■ DATA FOR PROCESSING:
══════════
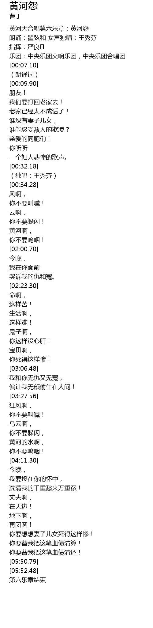 | [00:00.01] | 黄河大合唱第六乐章:黄河怨 |
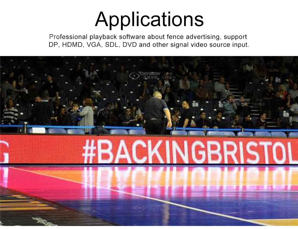 Светодиодные экраны по периметру стадиона C-Sport P8 широко используются для цифровой рекламы по периметру; Функции: 1. Каждый шкаф оснащен быстрыми замками слева и справа, а также регулируемым поворотным кронштейном на 90 градусов для удобства быстрой сборки дисплея по периметру; 2 Каждый экран поставляется с мягкими защитными подушками, мягкими масками светодиодного модуля, поэтому и спортсмены, и светодиодные экраны могут быть полностью защищены; 3. Алюминиевый блок питания не только имеет легкий вес, но и обладает отличными характеристиками рассеивания тепла; это эффективно замедляет процесс старения силовых модулей; 4. Каждый светодиодный модуль поддерживает фронтальное и заднее обслуживание, что упрощает эксплуатацию во время установки и последующего обслуживания; 5. Передняя и задняя часть шкафа пыленепроницаема и водонепроницаема, имеет уровень защиты IP65; 6 По сравнению с обычными светодиодными экранами серия Chipshow C-Sport является энергосберегающей – можно сэкономить около 1/3 энергопотребления; это значительно снижает эксплуатационные расходы;   7 Экран также поставляется с профессиональным программным обеспечением для рекламы по периметру, которое поддерживает различные источники видеовхода, такие как DP, HDMI, VGA, SDL и DVD;
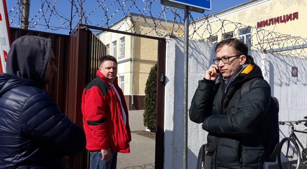 26.03.2018 17:26 Отец мальчика (слева) и группа поддержки у Ленинского РОВД г. Бреста 25 марта. Фото: . Источник фото
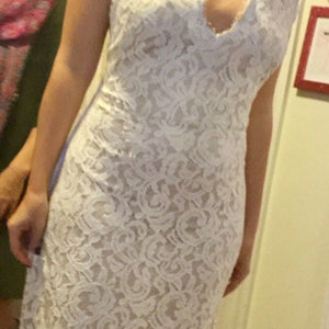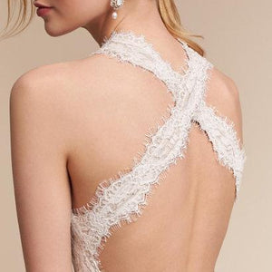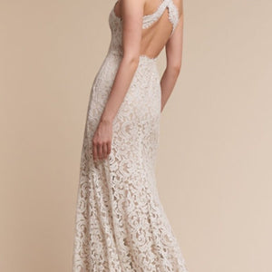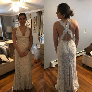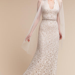Lace in full bloom is fashioned into an understated column gown. Its magic lies in the details: a flattering v-neckline and crisscross back. Easily packable, it's the perfect gown for a destination wedding. By Tadashi Shoji.
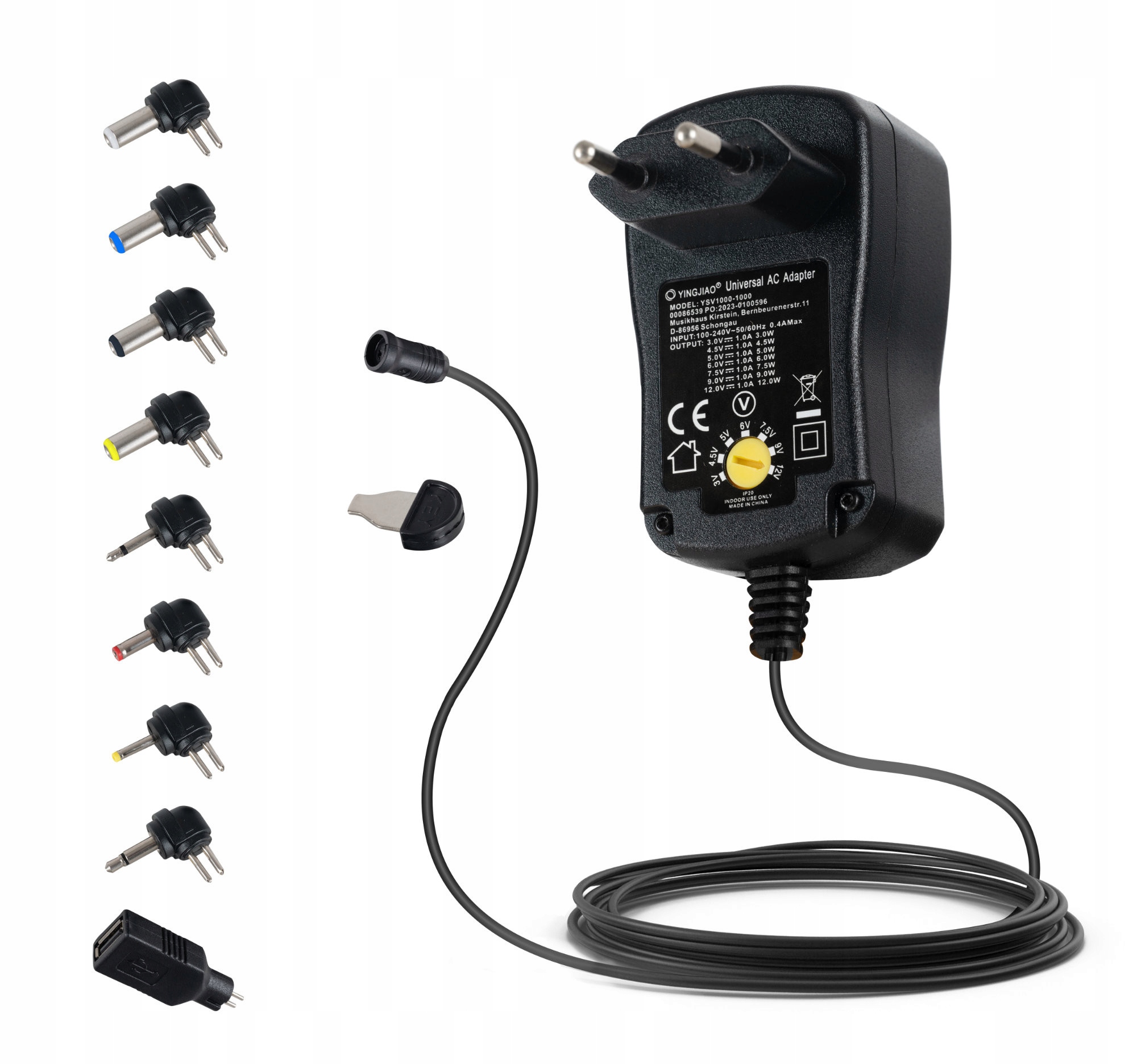 Этот адаптер можно использовать с широким спектром электронных устройств благодаря большому количеству дополнительных напряжений, разъемов и полярностей.
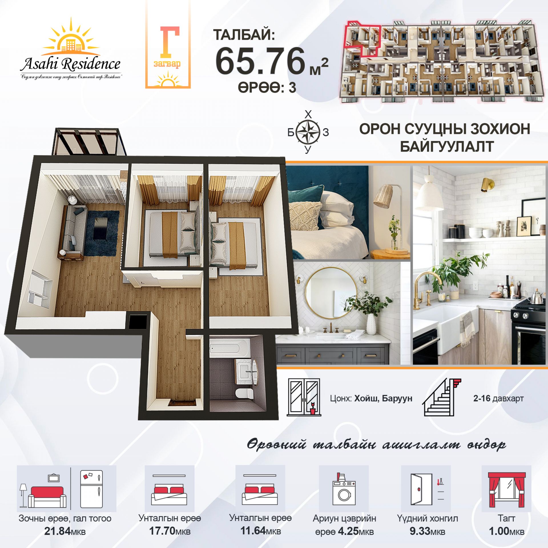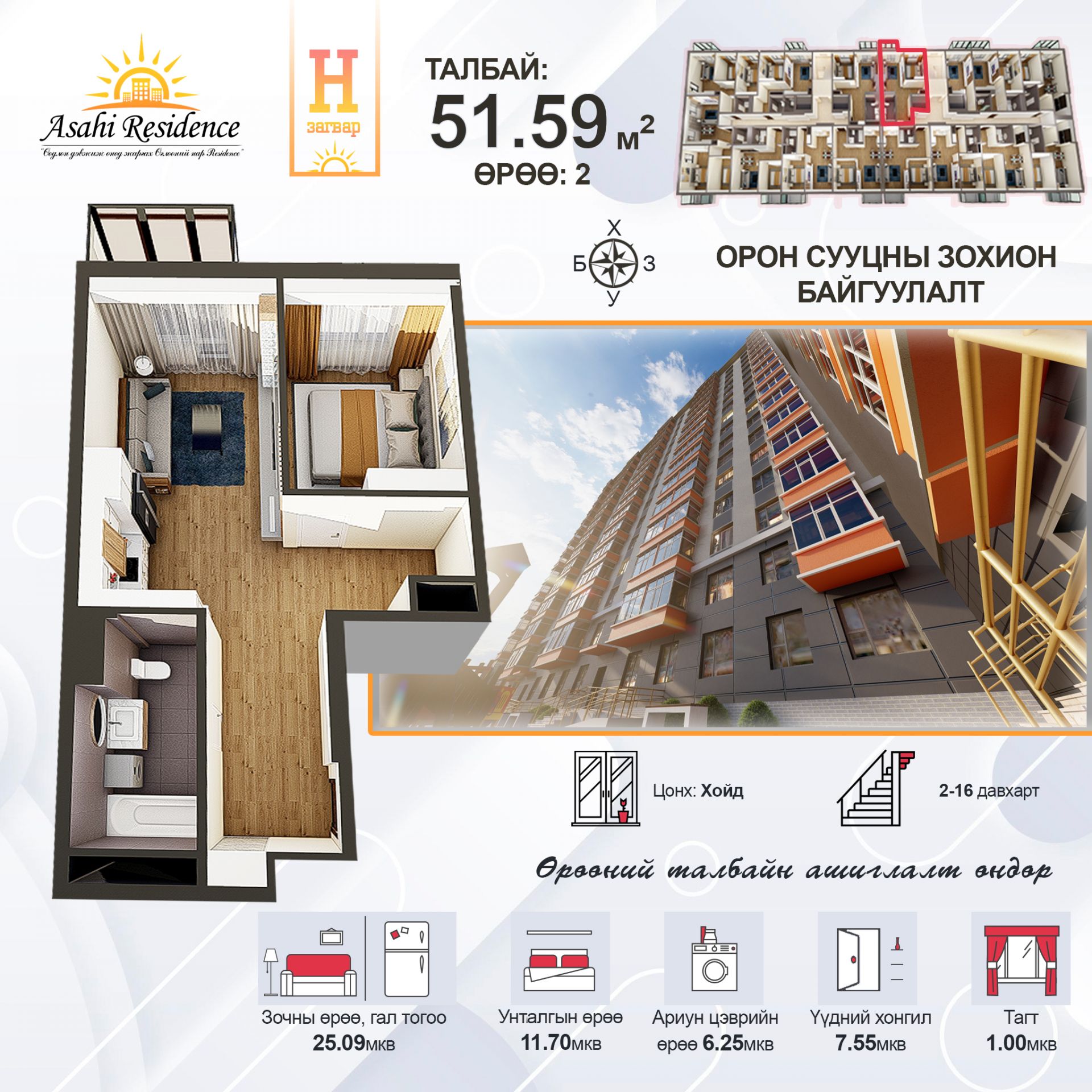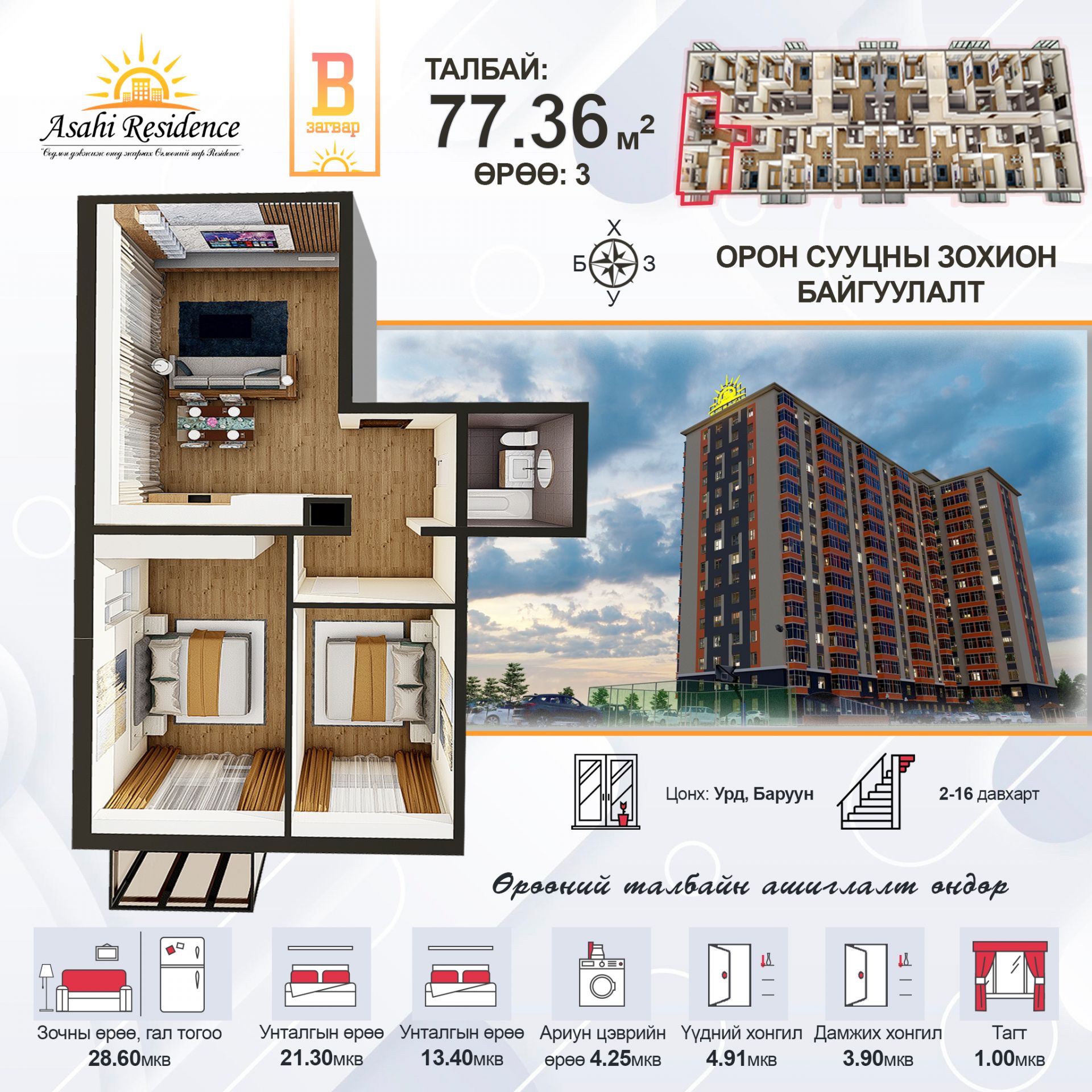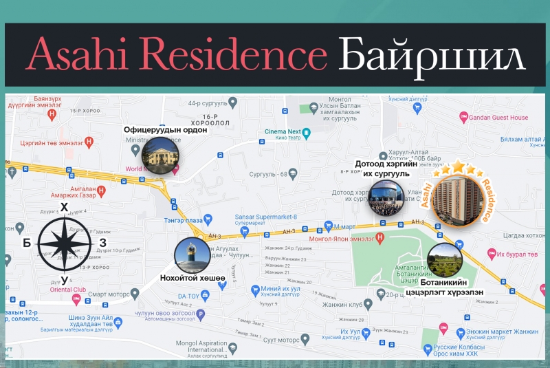 Дүүхээ ХХК компанийн 2 дахь төсөл болох сүндэрлэн буй Asahi Residence. Баянзүрх дүүргийн 10-р хороо, Ботаникийн автобусны буудлын чанх хойно Амгалан цогцолбор сургуулийн яг хажууд үйлчилгээтэй 345-н айлын 2 блок орон сууц, 2024 оны 3 улиралд ашиглалтанд орно.
══════════
The copy must begin at the line containing "Lace in full" and end at the last line of the data above, with every line retyped exactly and no pictures included.

Lace in full bloom is fashioned into an understated column gown. Its magic lies in the details: a flattering v-neckline and crisscross back. Easily packable, it's the perfect gown for a destination wedding. By Tadashi Shoji.
 Этот адаптер можно использовать с широким спектром электронных устройств благодаря большому количеству дополнительных напряжений, разъемов и полярностей.
 Дүүхээ ХХК компанийн 2 дахь төсөл болох сүндэрлэн буй Asahi Residence. Баянзүрх дүүргийн 10-р хороо, Ботаникийн автобусны буудлын чанх хойно Амгалан цогцолбор сургуулийн яг хажууд үйлчилгээтэй 345-н айлын 2 блок орон сууц, 2024 оны 3 улиралд ашиглалтанд орно.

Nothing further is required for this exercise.